Joel’s whispered response quickly became a frantic outburst of incoherent
but elated gibberish. His eyes grew wide and I noticed a small twinge run
the length of his arms as he quietly reached for his rifle.
The source of his spastic giddiness was
stealthily ebbing its way from around a far cedar break. As Joel leveled
his rifle I grabbed my binoculars for a better look.
“Find him?” Joel stammered.
“Yeah,” I replied before jutting off a
list of adjectives. “Tall. Old. Thick neck…”
Before I could finish the tall, old,
thick necked male sauntered behind a nest of branches. Through a spider web
of green conifer I could barely make out the animal’s rust colored coat as
it stood on hind legs to eat from some of the higher branches.
“Come back out,” Joel sweated.
I quickly grabbed Joel’s Nikon 440 laser
range finder, aimed for the imposing tree, and tried to remember which
button to push. Apparently I hit the right one as a holographic number
quickly appeared.
“That tree’s 237 yards away,” I reported.
“Doesn’t matter if he doesn’t come out
from behind it,” Joel angrily countered.
Exchanging the range finder for my
binoculars I scanned the small open spaces in the foliage for the feeding
deer.
“The left,” Joel stated. “He’s coming
out on the left.”
I flashed to the opposite side of the
tangle of cedar just in time to see the buck exit the thicket. He was an
old buck, his muzzle pale and grayed, with tall battered antlers and deep
forks. Each step he took toward the next island of cedar was cautious and
deliberate.
“Wish he’d stop,” Joel muttered,
following buck with the Burris Fullfield 4x12 scope atop his Weatherby
Vanguard. “Come on boy, stop.”
“He’s not gonna stop,” I rhetorically
whispered, watching the axis methodically make his way to the next stand of
trees.
“Shut up.”
The metallic click of the safety was
immediately followed by the deafening report of the rifle and a sudden blast
of air that slammed through the small confines of the temporary blind,
shaking its thin fabric walls. Across the field the old patriarch jilted
slightly before collapsing head first into a curtain of high grass. Joel
chambered another round and exhibited the faint beginnings of a smile. He
started to say something when his eyes told me something had gone wrong.
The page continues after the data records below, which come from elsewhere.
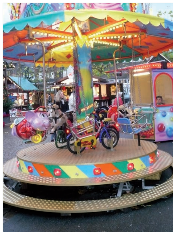
Das Karussell wartet noch auf den Kinderansturm.

Weitere Informationen erhalten Sie hier: IMZ – Am Mühlenturm 1 – 40489 Düsseldorf – Tel.: 0211 54 21 79 0
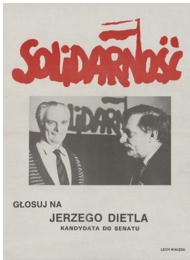
Plakat wyborczy Jerzego Dietla
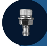
PC002 Parafuso M8+ Porca Sextavada 16 UNIDADES
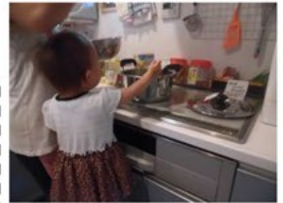
はじめてのラーメン作り!
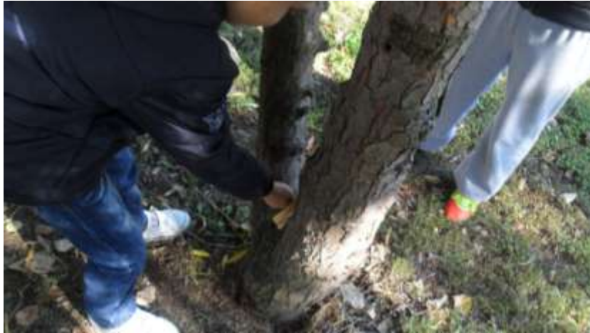
Slika 25. Mrvice kruha i kukuruz za ptice stolarice
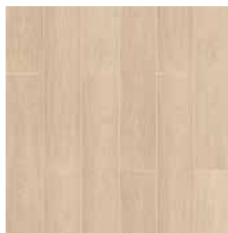
CHICAGO REF: 015994
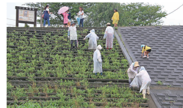
合羽姿で堤防のごみを熱心に拾う参加者(鬼怒川・大形橋上流左岸で)

同クリーン大作戦は、鬼怒川・小貝川の流域市町村と栃木県・茨城県および国土交通省下館河川事務所などで構成する「鬼怒川・小貝川流域ネットワーク会議」の広域イベントの一つとして、また7月が河川愛護月間であることから、沿川住民、河川敷占有者、河川利用者の他、各種団体の協力を得て、河川敷のごみを一掃することにより、常に河川を美しく保ち、正しく安全に利用する運動を推進するものです。今年で26回目を迎えています。
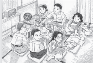
▲昭和26年(1951)頃 ©この史代
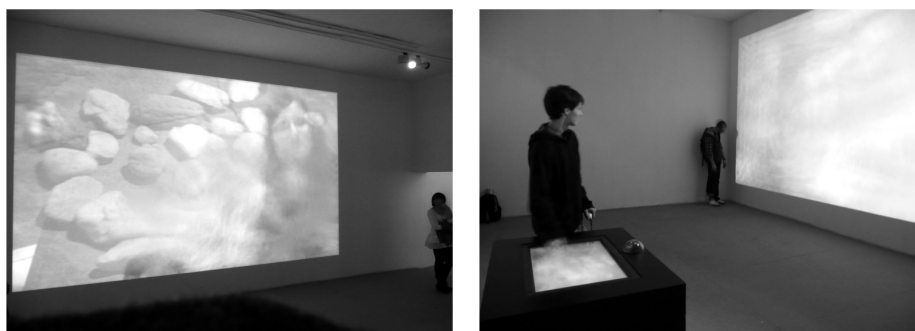
Il. 1, 2. Liquid Views

który pozwala odczuć gdzie są ludzie, jest generatorem przeżyć, doznań odczuwanych przez ludzi na czerwonym dywanie w otaczającym ich urbanistycznym środowisku” [3]. Powstaje coraz więcej realizacji architektonicznych, które angażują nowe technologie, aby sprowokować człowieka do interakcji, kreując w ten sposób zupełnie nowe atrybuty przestrzeni miasta. W przestrzeni tej możliwe jest współdziałanie pomiędzy człowiekiem i budynkiem oparte na elementach nieprzewidywalności, zaskoczenia, ale i interakcji. Zastosowane technologie skupione są na człowieku, na stworzeniu człowiekowi możliwości nowych form komunikacji z otoczeniem.
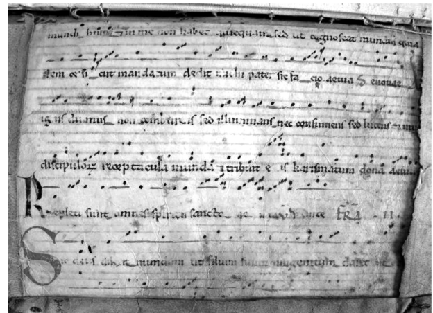
Fig.4. Golmés. Manual Notarial (1624-1628).

Un altre volum notarial mesura 225 x 165 mm, amb les tapes de pergamí que correspondria a un volum petit, un llibre petit de faristol del segle XIV [?]. 25 El manuscrit musical presenta un pentagrama on la
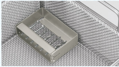
Abb. 1 Platzierung des Instrumentenständers in das RDG.
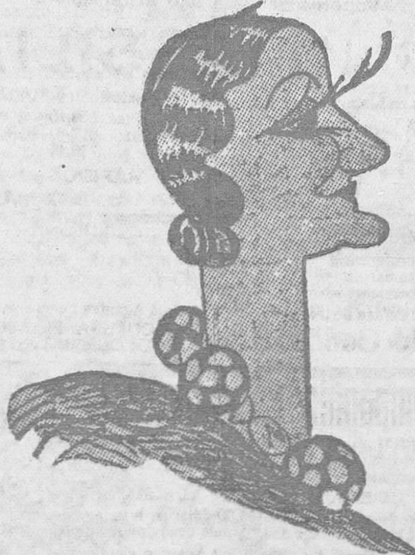
TERESITA DANIEL, VISTA POR EL CARICATURISTA «BON»
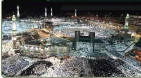
توسعة المسجد الحرام بمكة المكرمة

وأنشئ قطار المشاعر المقدسة في عهد الملك عبدالله بن عبدالعزيز للإسهام في نقل الحجاج وراحتهم وتسهيل حركتهم، ويربط القطار مَشْعَرِ مِنى بمزدلفة وعرفات.
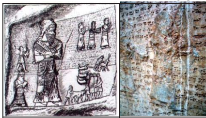
تصویر ۲ و ۳- نقش برجسته عیلامی کول فره یا فرعون)، ایزه ۲۷۰۰ ق.م. (صراف، ۱۳۷۲: ۸۸)

دست می‌یابیم. فارمر، موسیقی شناس برجسته انگلیسی، می‌گوید: نخستین نقش برجسته که دارای تصاویر سازهای موسیقی است، نقش برجسته عیلامی، کول فره (یا فرعون) است، که در آن، کاهنان در حال اهدای قربانی هستند و با سه موسیقیدان همراه می‌شوند که، مشغول نواختن دایره و ون‌هایی دارای جعبه طنین بالا و پایین هستند. ون‌ها (سازهایی از خانواده چنگ هستند) (تصویر ۳ و ۳). شبیه به نمونه‌های یافت شده در نقش برجسته‌های آشور بانیپال است که در موزه بریتانیا قرار دارند (پوپ و اکرم، ۱۳۸۷: ۳۲ و ۳۸). از دیگر سازهای مکشوفه شوش - که در تمام دوران‌ها مورد توجه بوده، به‌ویژه در آیین‌های دینی ایرانیان - تنبور است. نگاره‌ای، متعلق به ۱۵۰۰ ق.م، در شوش، تنبورزی را نشان می‌دهد که، نقش انسان دیگری - به اندازه کودکی - را روی شانه راست خود دارد... بی‌گمان نشانه‌ای از یک اعتقاد، یا افسانه یا آیین ویژه است و رمزی را بازگو می‌کند. وگرنه، چنان نیست که، هیچ تنبورزی در هنگام نوازندگی، کسی را بردوش خویش بگذارد (جنیدی، ۱۳۷۲: ۱۱۴) (تصویر ۴). پاهای نوازنده از هم باز، و از قسمت زانو، شکسته است.
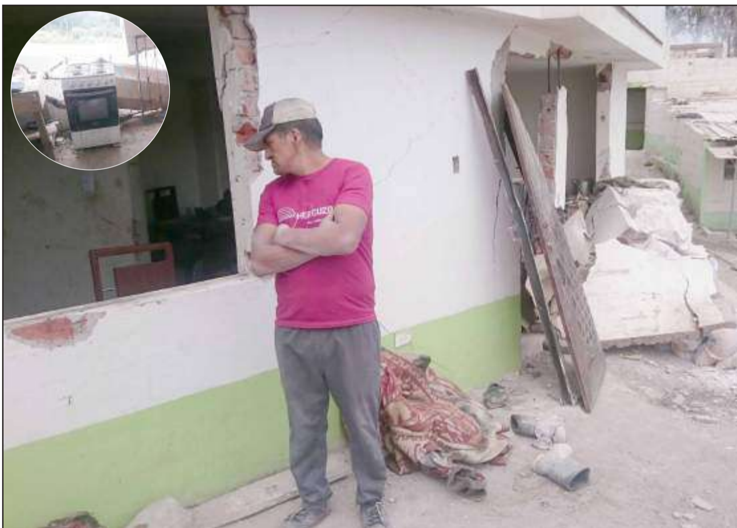
Los daños materiales fueron evidentes en el pequeño departamento.
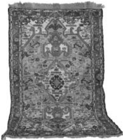
تصویر ۳، گلیم ورنی آذربایجان شرقی
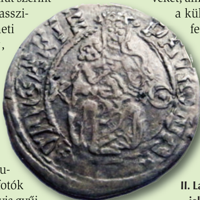
II. Lajos király (1508–26) ezüst pénze – jelenleg a váci múzeumban
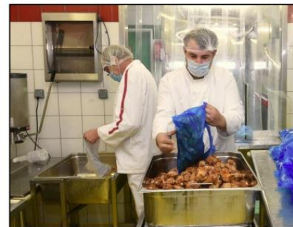
La cuisine centrale d'Épinal, déléguée à Elior
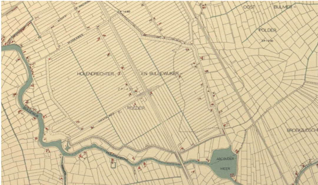
PW 1961 – Het gebied is nog nagenoeg identiek aan dat op de kaart van rond 1900. Wel is hier Rijksweg 2 al te zien, die enkele jaren eerder werd aangelegd.
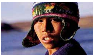
Documentaire (2010) de Carmen Castillo

Chili, cordillère des Andes. Ici se trouve la plus grande réserve d'or au monde, objet d'un conflit sans merci qui oppose la plus grande multinationale d'exploitation d'or, la Barrick Gold, aux Indiens de la vallée. L'extraction nécessitant le recours à l'eau en grandes quantités et le rejet de nombreuses matières toxiques (cyanure, mercure, etc.), les agriculteurs craignent de voir leur principale ressource polluée, leur village détruit par le tarissement de la source. Du coup, le spectre de l'exil, qu'ont connu de nombreux villages alentour, se profile.
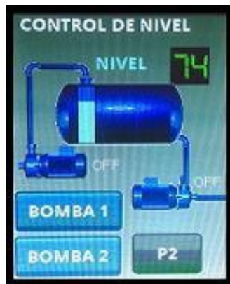
Fig. 9 Ventana 1 Interfaz de control de Nivel Implementado en la tarjeta STM32f429IDisc0

Esta práctica pretende a través de la pantalla táctil monitorear y controlar el nivel en un tanque. Posee controles tipo image que se usaron para cargar las imágenes correspondientes al tanque y las bombas de llenado y vaciado, controles tipo button para activar o desactivar los actuadores y para cambiar de ventana, la ventana 2 es una ventana solo para visualización que incluye controles tipo indicator que se activan en nivel bajo y alto y un control tipo plot para monitorear la variable de forma continua, incluye también esta ventana un indicador numérico a través de un control tipo text y un control tipo gauge que muestran el valor del nivel actual. La ventana principal y la segunda ventana de esta implementación se muestran en las figuras 9 y 10 respectivamente.
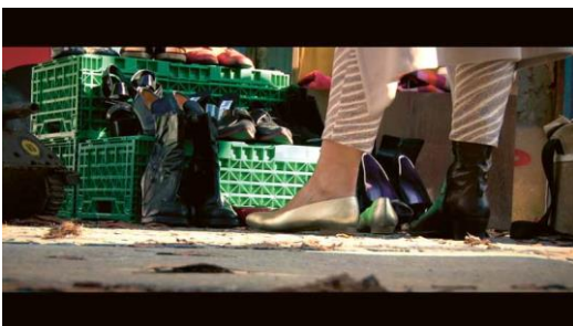
Michelle <Jazzie> Biolley (*1976) Genderwonderland, 2016, Regie, Kamera, Schnitt, Filmstill < Berlin> Genderwonderland, 2016, direction, camera, cut, film still < Berlin> © 2019 Michelle <Jazzie> Biolley
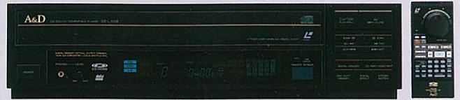
LD/CD/CDVフルコンパクトプレーヤー DP-L1000 ¥158,000 (ワイヤレスリモコン付)

AVの新たな主役。レーザーディスク、CD、CDVが一台で楽しめるコンパクトプレーヤー。A&Dならではの剛性設計を基に、新設計の高性能小型ピックアップの採用などにより高い信号読み取り精度を獲得、水平解像度420本以上、映像SN比46dB以上のスペックとあいまってAV新時代に対応しています。また、8ビットデジタルメモリー回路搭載によりリックプレイも自由自在。いい音でいい画質が楽しめます。
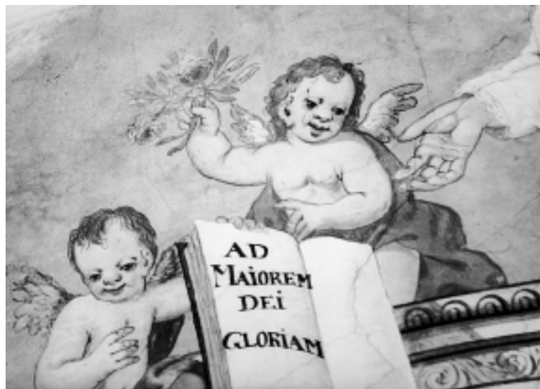
Detalj freske u sakristiji, crkva Uznesenja Marijina, Varaždin Detail of the fresco in the sacristy, Church of the Assumption of Mary, Varaždin
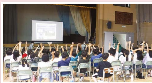
玉川小学校での水道教室の様子
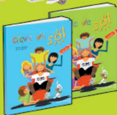
Clave de sol
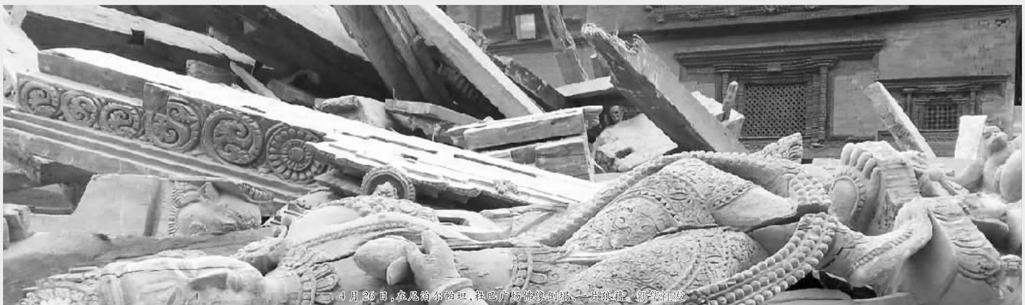
4月26日,在尼泊尔首都加德满都,鞋巴广场佛像倒塌,一片狼藉。
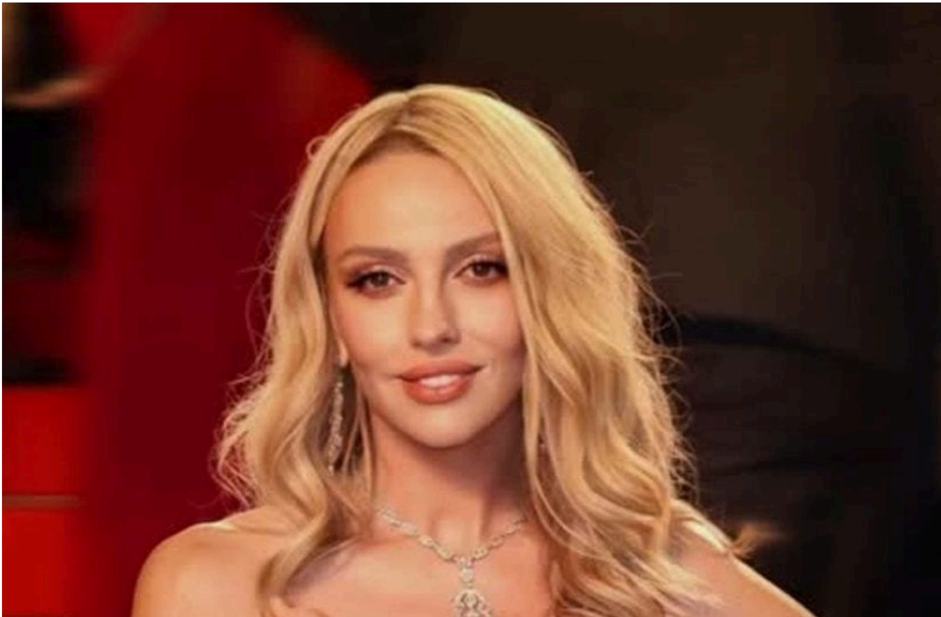
Оля полякова

СТЕПАНЕНКО ГРИГОРІЙ — 26 Травня 2026, 14:24 ⌚ 1 Min Read — ГЛАМУР
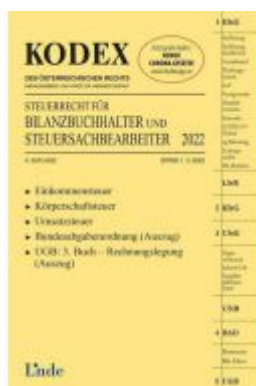
KODEX Steuerrecht für Bilanzbuchhalter und Steuersachbearbeiter 2022 Ladenpreis: 49,00EUR
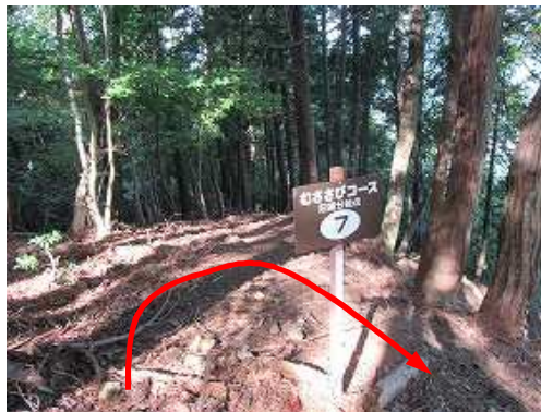
旧道分岐で右に転回する。
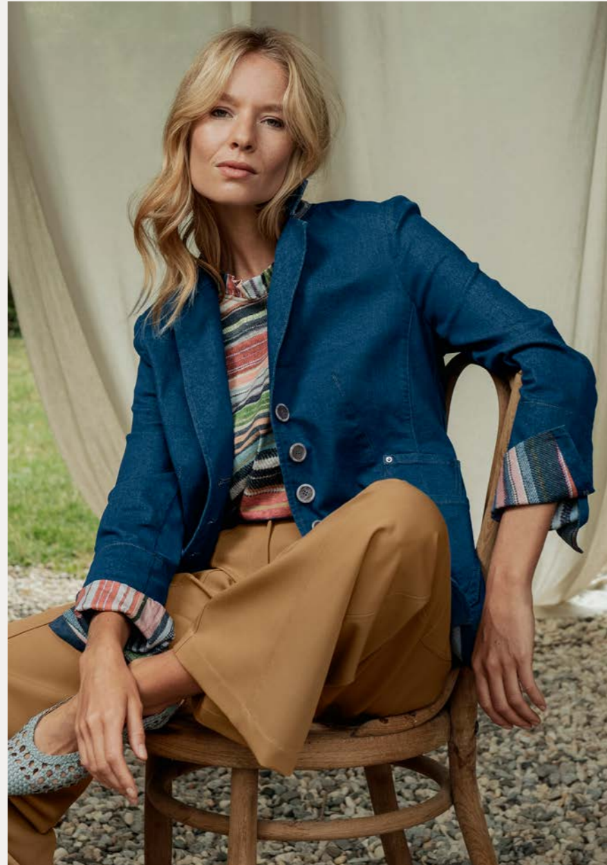
Blazer 9530-11 Fb. 55 Shirt 9803-74 Fb. 89 Hose 9261-29 Fb. 43
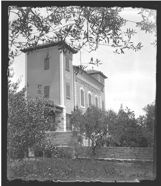
Villa Beausoleil, Alès (6 FI 170)

Archives Municipales d'Alès 4, boulevard Gambetta - 30100 Alès Tél 04 66 54 32 20 www.alescevennes.fr
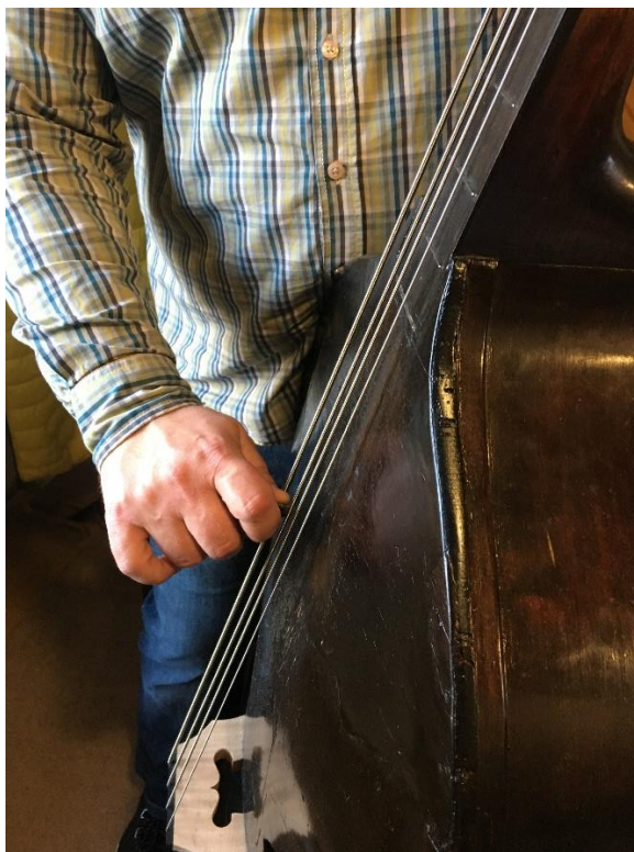
Slika 15: Postava desne ruke

U današnjoj praksi vrlo su česti slučajevi da je berdaš previsok ili prenizak u odnosu na instrument. Jedan od čestih razloga je što se nogica na berdama ne može podesiti. U takvim slučajevima je vrlo teško primijeniti opisano držanje instrumenta, a svirač si sam prilagođava postavu instrumenta. Nerijetko je u današnjici situacija da svirači istegnu lijevu ruku prema kobilici i s njom kompenziraju previsok instrument. U obrnutoj situaciji, svirači često sviraju u nepravilnom položaju, što rezultira čestim bolovima u leđima.
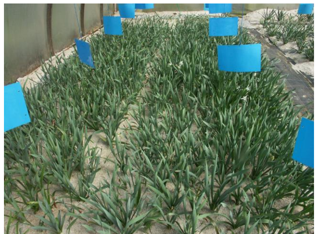
Nos cultures de Lys de Mer en serre
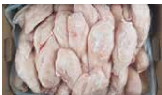
20700 Зам. «Филе грудки ЦБ «Эконом» вес Курников СПК Курников, ООО Срок годности: 6 мес
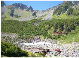
溜沢より溜沢岳、北穂

9月は単独で穂高へ。初日は一気に穂高岳山荘へ。ちょっと頑張りすぎたので、ザイテングラードでギブアップ寸前。火事場のくそ力でなんとか山荘へ。翌日は小雨の中、奥穂登頂。前穂はあきらめ往路で上高地へ。ひさびさにハードな山でした。
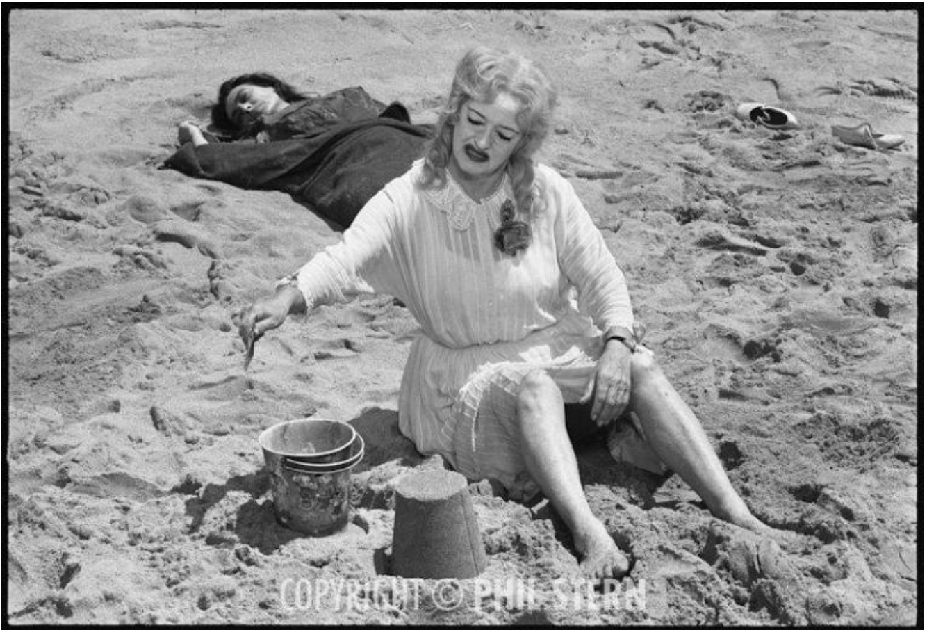
Bette Davis in "Che fine ha fatto Baby Jane?".
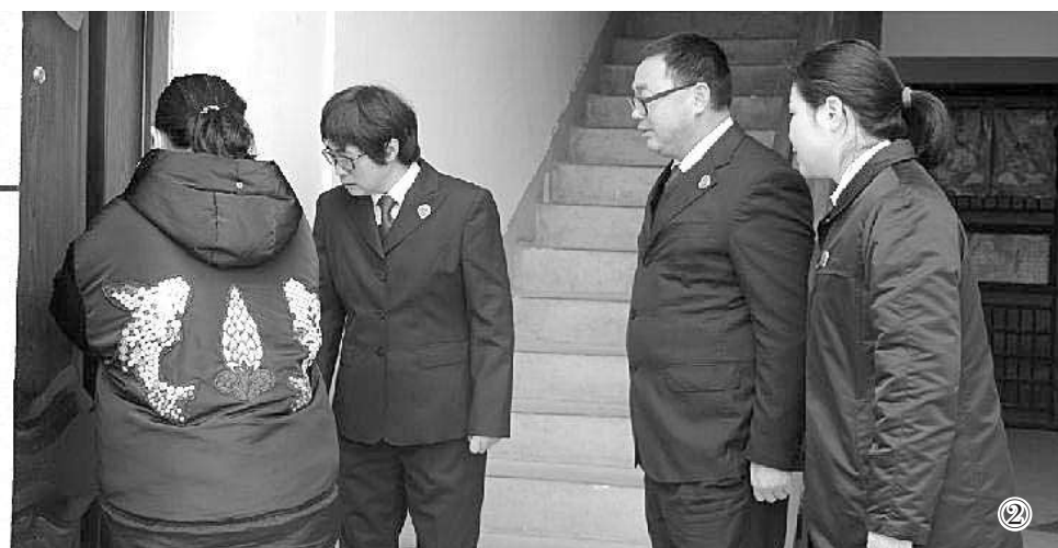
图② 办案检察官回访被执行人的生活保障落实情况
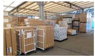
(能登半島地震 物資拠点)

○最大規模の災害における想定避難者数に対して 必要となる備蓄量 (最低3日間、推奨1週間) と市町により備蓄される量とを勘案し不足が懸念される物資や、市町の区域を越えた利用が想定される物資を備蓄するよう努める
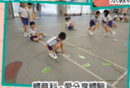
體育科 - 愛分享體驗
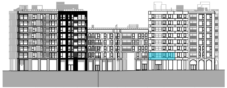
Fasade mot vest
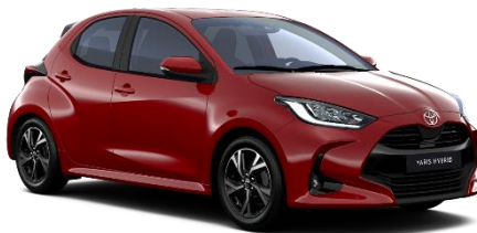
3U5 Emotional Red Metallic

Erfahrungsgemäß können Druckfarben den Farbton von Lackierungen nicht originalgetreu wiedergeben
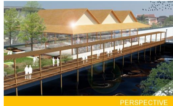
รูปที่ 5 บรรยากาศจำลองร้านค้าริมน้ำ

การอนุรักษ์สถาปัตยกรรมและสิ่งแวดล้อมชุมชน ต้องพัฒนาควบคู่กับการพัฒนาเศรษฐกิจ โดยมุ่งพัฒนาวิถีชีวิตชุมชน ให้เข้มแข็งพึ่งตนเองได้ (กระทรวงมหาดไทย, 2541) ชุมชนช่วยกันดูแลทรัพยากรธรรมชาติและสิ่งแวดล้อม โดยยึดวิถีชีวิตอันผูกพันกันทางวัฒนธรรม และที่สำคัญคือวัฒนธรรมการดำรงวิถีชีวิตแบบดั้งเดิม คนในชุมชนเป็นผู้มีบทบาทเป็นอย่างมาก และยังทำหน้าที่ในการอนุรักษ์สถาปัตยกรรม และสิ่งแวดล้อม

“What tha’,” Joel gasped, swinging his
rifle to the left.
I turned back to the field just in time
to see the hearty animal lunge forward into a tapestry of cedar.
“I hit him right in tha’,” Joel continued
in disbelief.
“You did hit him,” I tried to reassure. “You got ‘em right above the front leg. Let’s just let him lay up. He
can’t go that far.”
Joel agreed and for the next half hour we
waited, the silence of the afternoon broken only by Joel’s whispered
complaints and disbelief, and that darn peacock. At the end of the allotted
time we slowly made our way across the field to search for Joel’s deer.
With Joel having hit the animal with a well-placed shot from his .30-06, we
had every reason to believe we would find the axis down within the thicket.
But that wasn’t the case.
Within ten yards of the thicket, the
silence of our approach was shattered by the crashing of limbs and the rapid
shuffling of dead leaves and dirt. I could barely make out blurred movement
through the gnarl of trees and undergrowth. Joel bolted sideways, snapped
his rifle to his shoulder and fired hitting the runaway buck in the lower
neck. The buck fumbled to the ground only to make a last attempt to get
up. A third and final shot kept the animal down for good.
Despite the short disappearing act of the
buck, the hunt proved to be a success with Joel’s free range axis pushing 26
plus inch tall antlers with an inside spread of 26 inches and an estimated
weight of over 170 pounds. The worn enamel of the buck’s teeth told us he
had been roaming freely for quite some time.
Author's
note: I finally found that peacock.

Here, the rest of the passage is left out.